Fox JM, Whitesides GM. Proc. Natl. Acad. Sci. U. S. A. 2015; 112(8): 2378-2383.

Affiliation

Department of Chemistry and Chemical Biology, Harvard University, Cambridge, MA 02138; Wyss Institute for Biologically Inspired Engineering, Harvard University, Cambridge, MA 02138; and The Kavli Institute for Bionano Science and Technology, Harvard University, Cambridge, MA 02138 gwhitesides@gmwgroup.harvard.edu.

Copyright

(Copyright © 2015, National Academy of Sciences)

DOI

10.1073/pnas.1417043112

PMID

25675491

Abstract

Spreading fires are noisy (and potentially chaotic) systems in which transitions in dynamics are notoriously difficult to predict.
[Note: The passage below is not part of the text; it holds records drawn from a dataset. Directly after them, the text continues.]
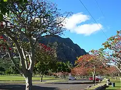Kualoa Regional Park is located at Kāneʻohe Bay, on the island of Oahu in the U.S. state of Hawaii. The park covers 153 acres (61.92 ha; 0.24 sq mi) across the road from the Pali-ku (cliffs) of the Koʻolau Range. The beach front is white sand[1] and 1/3 mile offshore is the small basalt island of Mokoliʻi (or Chinaman's Hat).
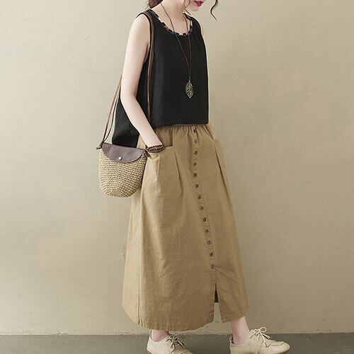 スカート レディース 夏 リネン フロントボタン Aライン ビッグポケット カジュアル 通勤 トレンド ロング丈 大人可愛い ゆったり 体型カバー 主婦 OL 20代 30代 40代 RB-R3-BA01-SA07-0177
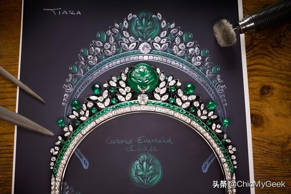 这顶Jubilee Emerald Garden珠宝皇冠由大师级工匠耗费超1500个小时打造。皇冠以铂金为底,并镶嵌祖母绿与钻石,代表着女王的白金禧周年盛事,奢华又尽显高贵!
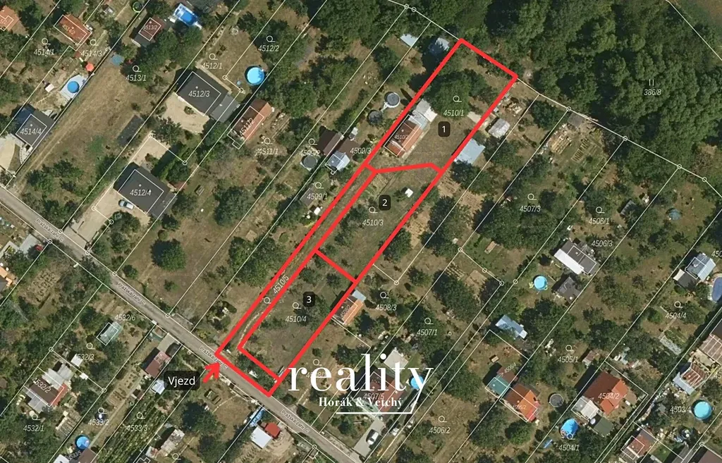Dle katastrální mapy je pozemek rozdělen na 4 části, a to dvě parcely o rozloze 509 m², jedna o rozloze 656 m² a parcela 311 m², by případně sloužila jako společná cesta ke všem jmenovaným parcelám. Tím je pozemek vhodný i pro stavbu dalších 2 rekreačních chat k pronájmu nebo dalšímu prodeji.
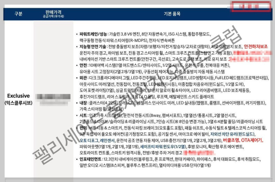 팰리세이드 풀체인지(LX3)의 출시를 기다리는 소비자들에게 흥미로운 소식이 한 가지 전해졌는데요, 기존 팰리세이드의 가장 낮은 트림인 익스클루시브 트림을 기준으로 한 신형 팰리세이드 익스클루시브 트림 사양이 일부 공개되었는데요, 새로운 옵션 사양이 추가된 것이 눈에 띕니다. 다만, 일부 추가적인 옵션 사양에 대한 정보는 가려져 있어, 향후 더 많은 세부 사항이 공개될 것으로 보입니다.
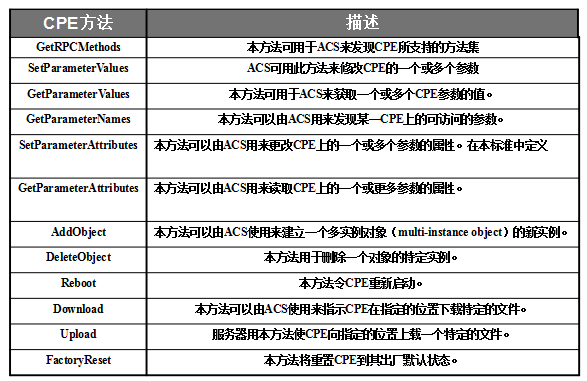 CPE函数由ACS调用,用来对CPE进行管理如:设置CPE参数、获取CPE参数、硬件升级、重启设备等;
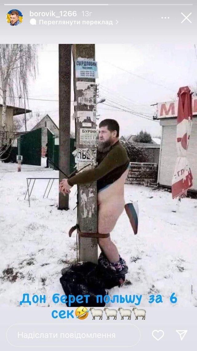 Боровик выложил фотожабу, на которой кадырова изобразили нагим и привязали к столбу. "Дон берет Польшу за 6 секунд", – подписал картинку 37-летний экс-голкипер, который должен в своем активе забить гол в элитном дивизионе украинского футбола.
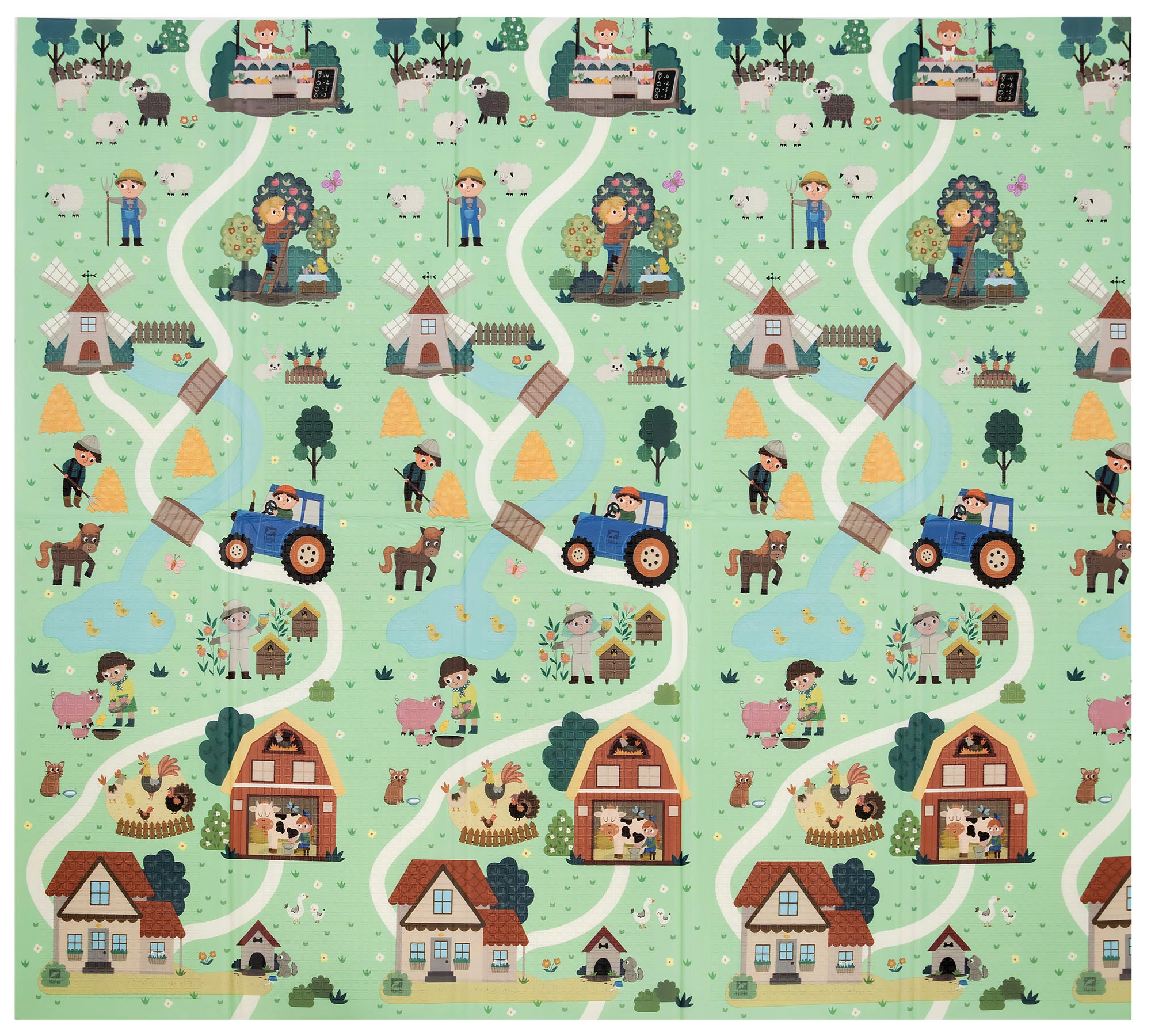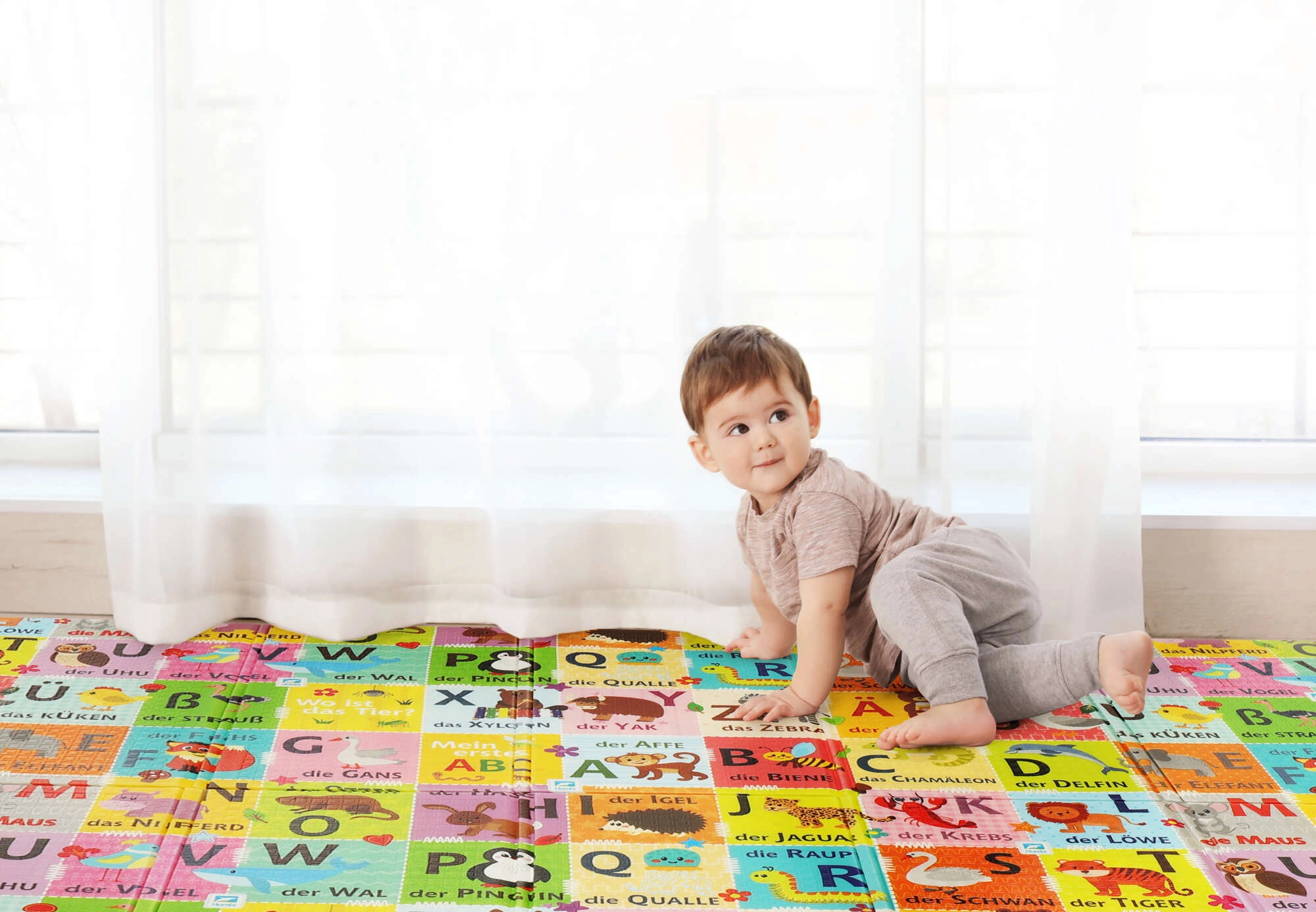 Grote, zachte en dubbelzijdige mat van XPE-schuim biedt kinderen comfort en veiligheid bij spelen, kruipen en de eerste stapjes. Hij is opvouwbaar, waterdicht, makkelijk te reinigen en dankzij de meegeleverde draagtas neem je hem overal mee naartoe – naar de kinderkamer, woonkamer of de tuin. Voldoet aan de Europese veiligheidsnormen en bevat geen schadelijke stoffen.

As flames move through spatially heterogeneous environments, sudden shifts in temperature, wind, or topography can generate combustion instabilities, or trigger self-stabilizing feedback loops, that dramatically amplify the intensities and rates with which fires propagate. Such transitions are rarely captured by predictive models of fire behavior and, thus, complicate efforts in fire suppression. This paper describes a simple, remarkably instructive physical model for examining the eruption of small flames into intense, rapidly moving flames stabilized by feedback between wind and fire (i.e., "wind-fire coupling"-a mechanism of feedback particularly relevant to forest fires), and it presents evidence that characteristic patterns in the dynamics of spreading flames indicate when such transitions are likely to occur. In this model system, flames propagate along strips of nitrocellulose with one of two possible modes of propagation: a slow, structured mode, and a fast, unstructured mode sustained by wind-fire coupling. Experimental examination of patterns in dynamics that emerge near bifurcation points suggests that symptoms of critical slowing down (i.e., the slowed recovery of the system from perturbations as it approaches tipping points) warn of impending transitions to the unstructured mode.

FINDINGS suggest that slowing responses of spreading flames to sudden changes in environment (e.g., wind, terrain, temperature) may anticipate the onset of intense, feedback-stabilized modes of propagation (e.g., "blowup fires" in forests).